Joe Hall, the 41-year-old Creole musician from Eunice, Louisiana knows his music. Joe knows horses. And Joe also knows roots.
“You are who you are,” says the big man with the even bigger smile, and he freely claims to be a product of the Louisiana Creole “holy trinity”: Native American (Atakapa- Ishak), African (Wolof) and European (French). Joe Hall is a modern-day living testament to the original “creolization” process in its myriad manifestations where the best of all available resources blend together in a celebration of resilience and syncopated survival.
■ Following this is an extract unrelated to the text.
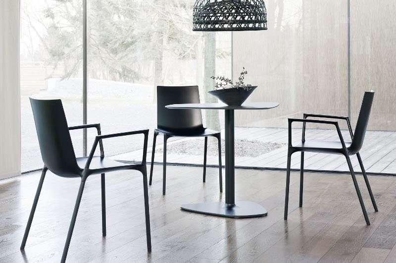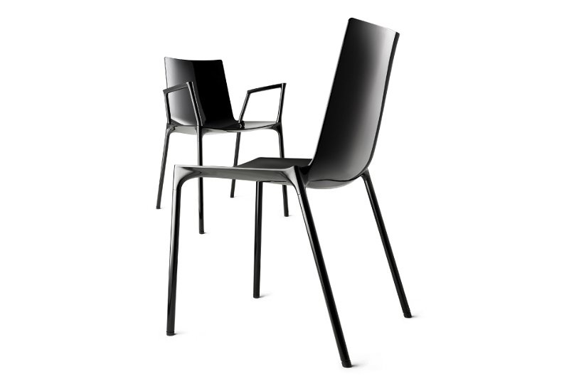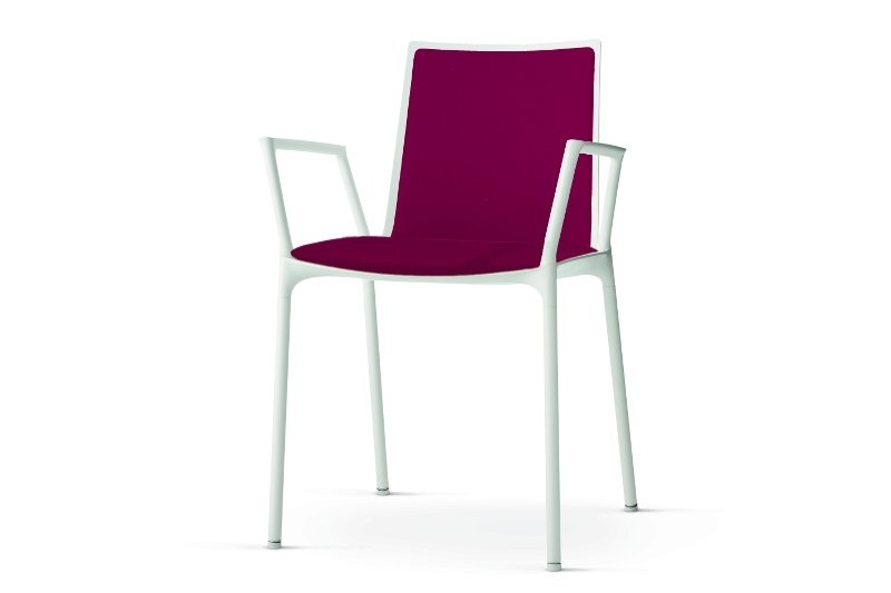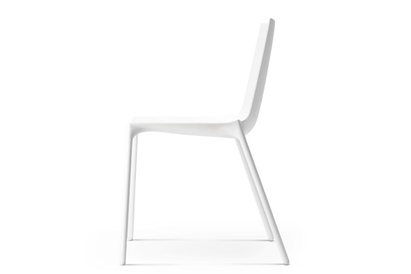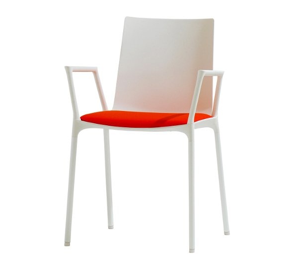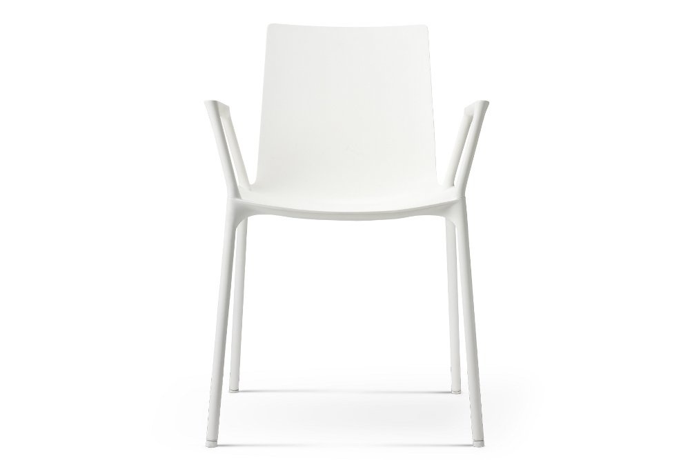Frame van stalen precisiebuis, geluidsarme universele kunststof glijders voor zowel zachte als harde ondergrond. Metalen oppervlakken met poedercoating. Zitschaal en armleggers: Polypropyleen (kunststof), kleur wit of zwart.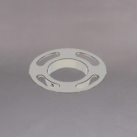 Rundt beslag/ bunnfeste for bannerstang. Brukes ved montering av banner på køordner systemet istedenfor tau eller bånd.

Coming up in the 70s, the Hall family was blessed with a hard-working father figure who provided in every way for his family of six out there on the southwest Louisiana prairies. Even though Joe never had to work in the fields like most of the Creole shar ecroppers since the days of the Civil War, his is an old soul. During his formative years, young Joe did not pick sweet potatoes but instead, bushels of stories. He did not necessarily break corn but he did lend an attentive ear to the many kernels of ancient wisdom from his elders. They recognized him as the “anointed one ” and willingly, Joe Hall accepted the torch of the Creole cultural flame.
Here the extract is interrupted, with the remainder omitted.